Memories of Hill Country Teachers Revisited
by Diane Daniels Manning
My decision to write Hill Country Teacher: Oral Histories from the One-Room School and Beyond was motivated by the desire to preserve the stories of teachers who began their careers in one-room country schools, often as teenagers. Although I now live in Houston, I was then Chair of the Department of Education at Tulane University in New Orleans. My students didn’t believe me when I told them many teachers once had to choose between marriage and teaching. I realized the road these pioneers had walked, the gates they had opened, would soon be gone.
My original idea was to interview teachers throughout the country, but I decided to begin in Kerrville, Texas, a town with a vigorous community of retired teachers.
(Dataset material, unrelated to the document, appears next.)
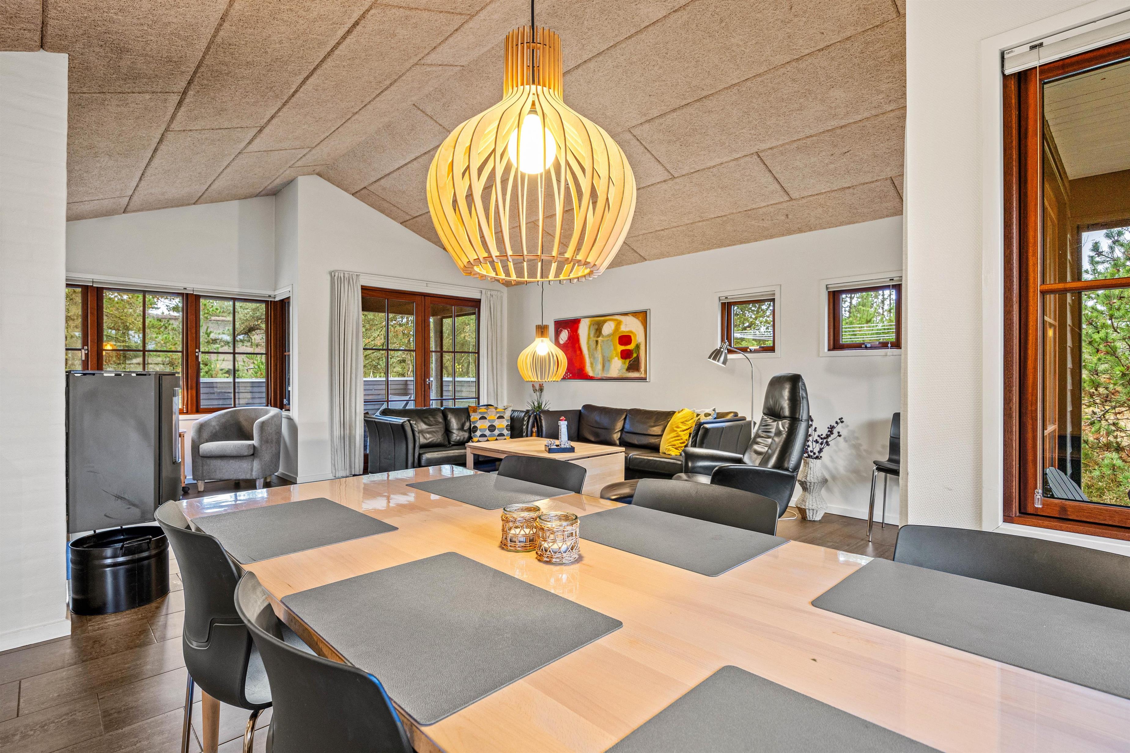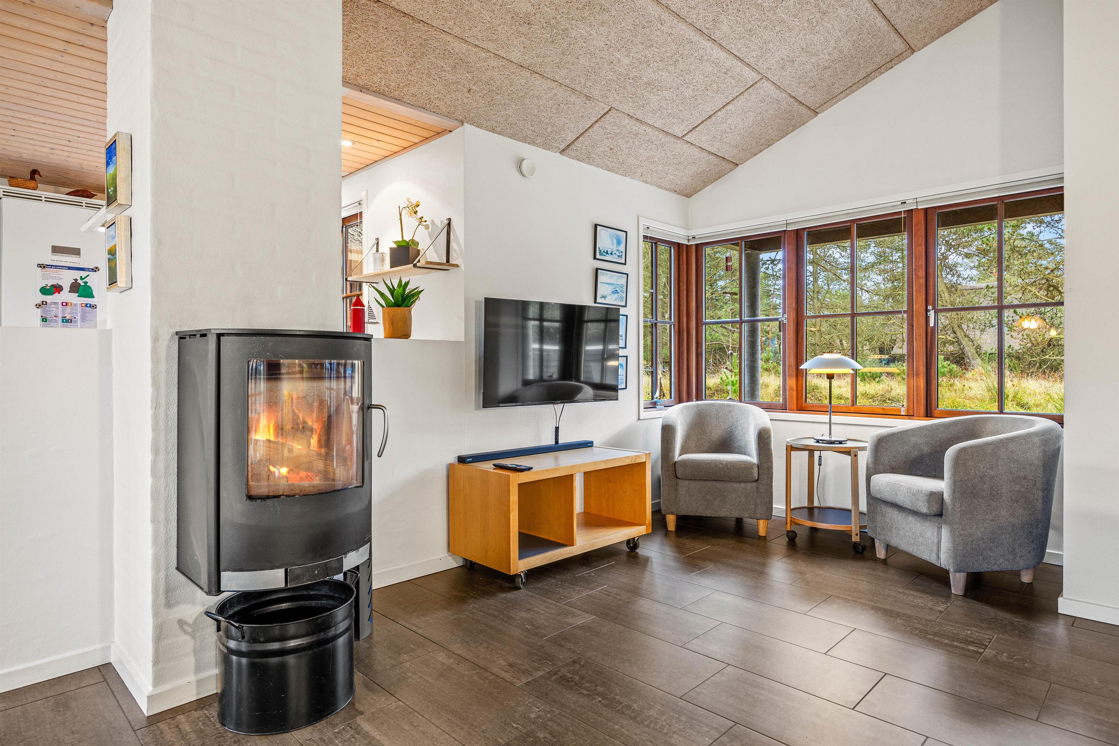 På et større boligareal på 124 m2 får I her et idéelt hjem til jeres ferie. Huset har 4 hyggelige soveværelser, der alle er udstyret med en dobbeltseng, og det rummelige, åbne opholdsområde indbyder til afslappede aftener med den hyggelige brændeovn.

Once I began, one person’s story led to another, and eventually there was a book. These were published as part of the prestigious Twayne Oral History series in 1990.
In the intervening years, several things happened. The original book went out of print, the copyright reverted to me, and self-publishing became a realistic possibility. I decided to reissue the original book at today’s lower pricing, so that it would be more affordable as a gift or to keep for readers who would be most interested—teachers past and future.
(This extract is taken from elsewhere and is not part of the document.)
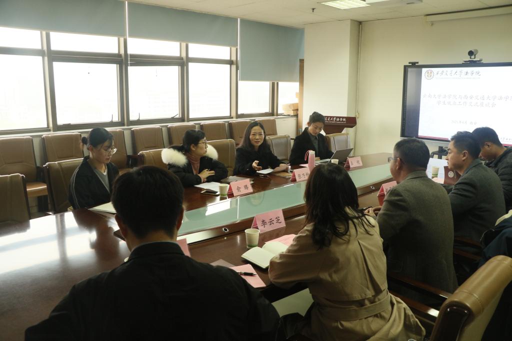 随后,双方针对法学毕业生就业工作普遍存在的重难点问题进行了交流。刘蔓琦书记介绍了云南大学开云足球_开云(中国)学生就业工作的困难点,他指出生源特点、家庭经济情况、用人单位隐形性别歧视、学生就业观念传统等情况制约了就业工作的开展,导致学生就业率偏低。他对交大开云足球_开云(中国)的就业工作表示赞扬,指出我院就业工作呈现系统化、提前化、精细化等特点,许多就业帮扶举措值得学习。张乃钟指出,我院非常重视学生就业工作,工作中形成了本科生和研究生就业工作“一体化”管理服务机制,在学院领导下以学生工作专职委员为主干,教学副院长、兼职辅导员、研究生导师和科研团队以及本科生班主任、学业导师为补充的就业工作队伍。在就业信息发布、就业经验交流、就业指导帮扶、实习平台搭建、校友资源等方面合理配置,精准发力,努力确保每一名毕业生顺利就业。特别是2020年开云足球_开云(中国)研究生毕业生在基层选调生,世界五百强企业就业等重要指标超额完成学校目标任务,取得建院13年以来历史最好成绩。学院就业助理丛珊也从毕业生角度对我校选调生考试温馨培训以及学院“管家式”的就业精准指导和帮扶等方面分享了自己的心得和感受。

More information and reviews of Hill Country Teacher can be found on my website www.dianedanielsmanning.com.
The book can be purchased as a paperback or e-book on amazon.com. Reviews posted on Amazon are extremely helpful and most appreciated.
Link to purchase on Amazon: HILL COUNTRY TEACHER
Please join Sibyl Sutherland (and the others) as she begins their stories….
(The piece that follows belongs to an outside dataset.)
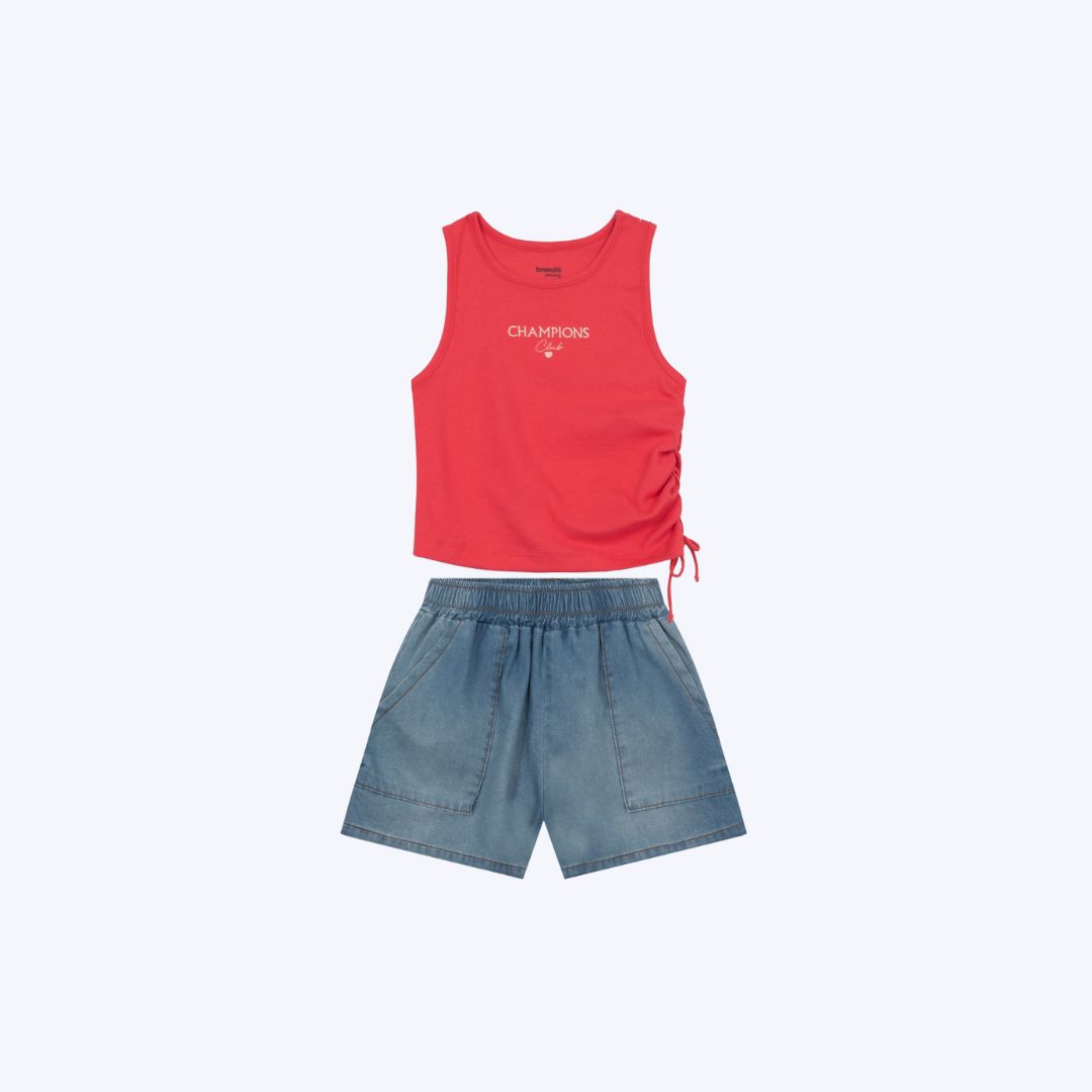 Este conjunto infantil feminino da Brandili, é a escolha perfeita para o verão. A blusa regata preta é confeccionada em ribana 100% algodão, garantindo leveza e respirabilidade, e apresenta um moderno detalhe de amarração lateral ajustável, com um bordado frontal que remete à palavra 'Champions', adicionando um toque de atitude. O shorts, com visual de jeans, é na verdade feito em moletinho 100% algodão, proporcionando um toque macio e máximo conforto para a sua menina. Possui bolsos práticos na frente e um cós elástico que se adapta perfeitamente ao corpo. Ideal para o dia a dia, passeios e momentos de lazer, este conjunto Brandili é projetado para meninas na faixa etária de 10 a 18 anos, combinando praticidade e tendência em uma única peça.

“I didn’t want to teach. My mother practically drove me into it. I’d been to Schreiner College for two years, and then I stayed home a year. I’d finished high school at sixteen because I started school when I was five, and we didn’t have but ten grades at that time. I just stayed home and trapped. I caught fox and ring tails and so forth.
Then one day Mother said, ‘You can’t sit around here. You need to get out!’
She told me later she was just like a mother bird shoving her little one out of the nest. She said she could just see me staying at home ‘til I was an old lady.”